Ministers should trial direct funding of careers advisers amid fears asking schools and colleges to foot the bill is leading to “significant disparities” in provision, MPs have said.
Colleges should also be made to publish information on the amount of time that leaders in charge of careers provision are able to devote to their role, a report by the Parliamentary education committee recommended.
Although “many changes” to careers advice and guidance over the past decade mean the “right framework is broadly in place”, the report warned of a “lack of a clear overarching strategy and stated outcomes”.
While new legislation enforcing post-16 provider access to school pupils is “an important step in the right direction,” the committee said it was concerned that ministers did not have a system to monitor compliance.
“Simply informing pupils of the options available is not enough to tackle the fundamental bias towards academic routes still seen in many schools” the report said.
Progress towards meeting the Gatsby Foundation’s eight benchmarks for good careers advice has been “slow”, with schools and colleges “only meeting just over half of them on average”.
This is based on self-reporting by colleges, which “means that we do not have a full picture of how many are being achieved”, the committee warned.
Since 2012, schools and colleges have been required to fund their own careers provision from their own budgets.
Research by PWC for Gatsby in 2014 estimated that the cost of meeting all eight benchmarks would range from £38,000 to £76,000 per school and sixth form.
‘Significant disparities’
The report warned the expectation on schools and colleges to pay for services out of their “already stretched budgets” was “causing significant disparities in provision”, with some spending just £2 per student.

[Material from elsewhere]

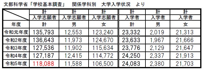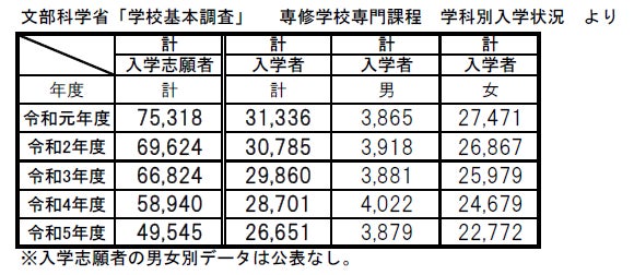 従来の看護専門学校進学層が大学に流れているとしても、そちらの減少に歯止めをかけるだけで看護師養成施設全体の志望者は減少しているといえる。実際に同調査によれば令和5年度の専門学校看護分野の入学者は令和元年度と比較すると15.0%減少している(※下表参照)。また、志願者数でみると34.2%も減少している。AO、推薦入試での入学者の増加も反映しているものと考えられ、一概に判断はできないが入学者の学力の低下も懸念され始めている。

The DfE should therefore pilot a programme of funding careers advisers directly through the CEC, the report said, rather than “requiring schools and colleges to buy in this support from their existing budgets”.
The department should also make “one-off developmental funding available to schools and colleges who have the lowest record of achieving the Gatsby benchmarks”.
The report also found that careers leaders – those responsible for ensuring their colleges meet the benchmarks – are “struggling to fulfil their responsibilities effectively due to lack of time amid competing pressures”.
Support for careers provision should also be included in the package available to education investment areas.
Almost half have less than a day per week allocated to their role. The DfE should therefore update its statutory guidance to “suggest an appropriate proportion of time that careers leaders should be given to fulfil their role”.
They should also require schools and colleges to “publish information on the time they have allocated to the role on their website”, and ensure the CEC publishes data from schools and colleges about time leaders have to fulfil their role.
The report also makes a number of other recommendations, summarised as follows…
- Ensure Ofsted looks at schools’ achievement of the benchmarks
- Make reporting on progress against the benchmarks compulsory for schools and colleges
- Extend coverage of careers hubs to all schools and colleges by the end of 2024
- Make the National Careers Service appropriate for under-18s or provide an alternative
- Consult on how to incorporate careers education into different levels of teacher training and development
- Provide more teachers with “experience of modern workplaces across a range of sectors”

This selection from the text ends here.